If you've never eaten a Jerusalem artichoke, you're certainly not alone. I've never seen them in a grocery store in Newfoundland, and only a handful of local farms grow them. I first ate them in Montreal when I lived there, and only in restaurants, so I had never cooked them myself until this week, when I dug them up from the frosty dirt where they had been hiding out since last fall.

Jerusalem artichokes aren't really artichokes: they're sunflowers, native to the eastern part of North America, where they were a staple food long before the Europeans showed up and took them back with them as novel delicacies. There is a lot of lore around the name, and the accepted explanation is that the "Jerusalem" bit comes from the Italian girasole, which means "sunflower," and that the "artichoke" bit comes from French explorer Samuel de Champlain's description of the tuber's flavour as being like an artichoke, although, frankly, I don't get the similarity.

So what do they taste like? Sweet, nutty, crunchy when raw (really crunchy, like, water chestnut crunchy), potato-y when cooked (although they tend to go mushy very quickly when boiled, so steaming, roasting, and pan-frying are recommended). They're really very yummy.

There are two caveats to growing Jerusalem artichokes. The first is that they are notoriously invasive, so you might not want to plant them directly in the ground. Apparently, even the smallest bit of tuber left behind will sprout again, which is all fine and good if you have the time and energy and wherewithal to dig them up year after year until the end of time, but if you move, the next people to inhabit your garden might be less than impressed. The second is that Jerusalem artichokes are sunflowers, and sunflowers can suck a lot of lead out of your soil, so if you live in an area with dodgy dirt, you might want to grow them in a container. I tried to come up with some kind of cool planter option last year, but as the spring crept on I ran out of time, and just flung a bag of soil on the ground, cut a big hole in the top and some drainage holes around the bottom, and stuck my seed tubers down in it. The yield wasn't huge, but since I had them in close quarters, in a shady spot, during the most miserable summer in recent memory, I'm impressed they did anything at all, really.

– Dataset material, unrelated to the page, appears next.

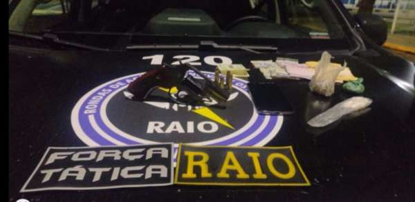 Os policiais militares receberam denúncias sobre um homem que teria uma arma de fogo e estaria traficando drogas naquele bairro. Ao entrar na residência do suspeito, com autorização da moradora, a composição visualizou um indivíduo fugindo pelo quintal, ocasião em que foi impedido pelos policiais. No interior da residência foi encontrado o revólver, drogas e uma quantia em dinheiro.

This year, my husband and I are going to dig a trench for them and line it with something they can't get out of, in an area of the yard where they'll get more sunlight, and where they'll have a bit more space to spread their roots.

Oh, there's a caveat to eating them, too: apparently some people have a hard time digesting them, and thus the tubers have earned the nickname "fartichokes." Ahem. Now, I can report that I have had no such reaction, and I am very happy about that. British garden writer Alys Fowler solves the wind problem by cooking her Jerusalem artichokes with winter savory. I may have escaped a gassy fate through my negligence: I've read that leaving them in the ground for a hard frost or two helps them convert the troubling carbs, making digestion easier. A full winter of freeze and thaw seems to have sorted them out nicely.

Jerusalem artichokes can grow quite tall - over 20 feet in warmer climes, but easily six or eight feet here. Mine didn't flower last year (no sun, no sunflowers), but the flowers are cheerful and yellow when they do appear. They attract all kinds of helpful insect friends. They're so pretty, actually, that Monet painted them. The variety I grew is called Passamaquoddy Potatoes from Hope Seeds, but unfortunately they're not available this year. If you can get your hands on some Jerusalem artichokes from a local grower, I suggest you toss a few in some good soil and see what happens. Come springtime, you may well be thanking yourself.